§ **Task requirements**
Pictures in the records below must be left out. Return exactly the lines from the line with "(通讯员 李玉雪)6月13日" to the line with "Этой осенью в", both included.

§ **Given records**
★ ★ ★ ★

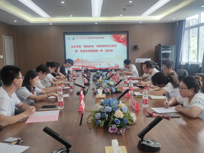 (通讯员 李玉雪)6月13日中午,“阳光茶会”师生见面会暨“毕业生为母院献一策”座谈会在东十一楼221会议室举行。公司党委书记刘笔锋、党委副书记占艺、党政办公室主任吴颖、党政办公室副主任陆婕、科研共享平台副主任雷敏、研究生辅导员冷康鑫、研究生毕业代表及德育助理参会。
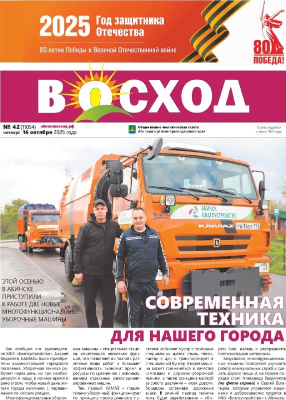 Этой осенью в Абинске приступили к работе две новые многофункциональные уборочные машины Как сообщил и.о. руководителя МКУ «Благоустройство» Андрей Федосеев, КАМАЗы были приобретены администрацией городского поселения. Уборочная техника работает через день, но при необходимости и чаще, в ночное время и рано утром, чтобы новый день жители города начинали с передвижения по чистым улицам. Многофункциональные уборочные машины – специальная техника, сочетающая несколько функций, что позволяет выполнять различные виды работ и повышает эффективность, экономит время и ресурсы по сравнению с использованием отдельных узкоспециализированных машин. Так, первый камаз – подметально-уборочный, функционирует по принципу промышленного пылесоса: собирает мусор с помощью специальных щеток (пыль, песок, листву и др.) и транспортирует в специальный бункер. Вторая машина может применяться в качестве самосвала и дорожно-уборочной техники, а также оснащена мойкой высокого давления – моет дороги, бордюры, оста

★ ★ ★ ★

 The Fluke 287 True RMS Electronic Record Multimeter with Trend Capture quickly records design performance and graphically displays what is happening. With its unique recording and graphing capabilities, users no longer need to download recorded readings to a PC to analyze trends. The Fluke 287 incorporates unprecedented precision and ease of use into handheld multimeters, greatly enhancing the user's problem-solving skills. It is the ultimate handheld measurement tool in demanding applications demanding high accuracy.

★ ★ ★ ★

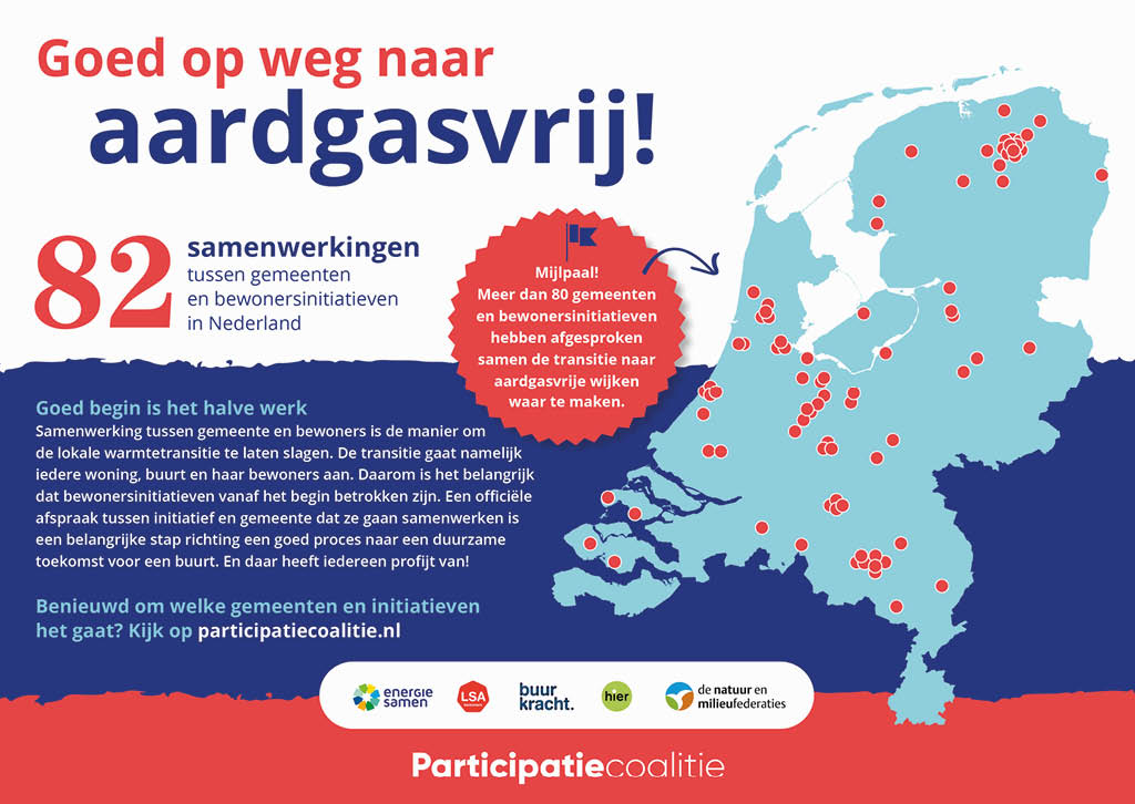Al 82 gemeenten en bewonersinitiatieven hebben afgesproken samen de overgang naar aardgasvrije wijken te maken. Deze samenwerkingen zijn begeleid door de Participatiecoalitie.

★ ★ ★ ★

§ **Reply**
 (通讯员 李玉雪)6月13日中午,“阳光茶会”师生见面会暨“毕业生为母院献一策”座谈会在东十一楼221会议室举行。公司党委书记刘笔锋、党委副书记占艺、党政办公室主任吴颖、党政办公室副主任陆婕、科研共享平台副主任雷敏、研究生辅导员冷康鑫、研究生毕业代表及德育助理参会。
 Этой осенью в Абинске приступили к работе две новые многофункциональные уборочные машины Как сообщил и.о. руководителя МКУ «Благоустройство» Андрей Федосеев, КАМАЗы были приобретены администрацией городского поселения. Уборочная техника работает через день, но при необходимости и чаще, в ночное время и рано утром, чтобы новый день жители города начинали с передвижения по чистым улицам. Многофункциональные уборочные машины – специальная техника, сочетающая несколько функций, что позволяет выполнять различные виды работ и повышает эффективность, экономит время и ресурсы по сравнению с использованием отдельных узкоспециализированных машин. Так, первый камаз – подметально-уборочный, функционирует по принципу промышленного пылесоса: собирает мусор с помощью специальных щеток (пыль, песок, листву и др.) и транспортирует в специальный бункер. Вторая машина может применяться в качестве самосвала и дорожно-уборочной техники, а также оснащена мойкой высокого давления – моет дороги, бордюры, оста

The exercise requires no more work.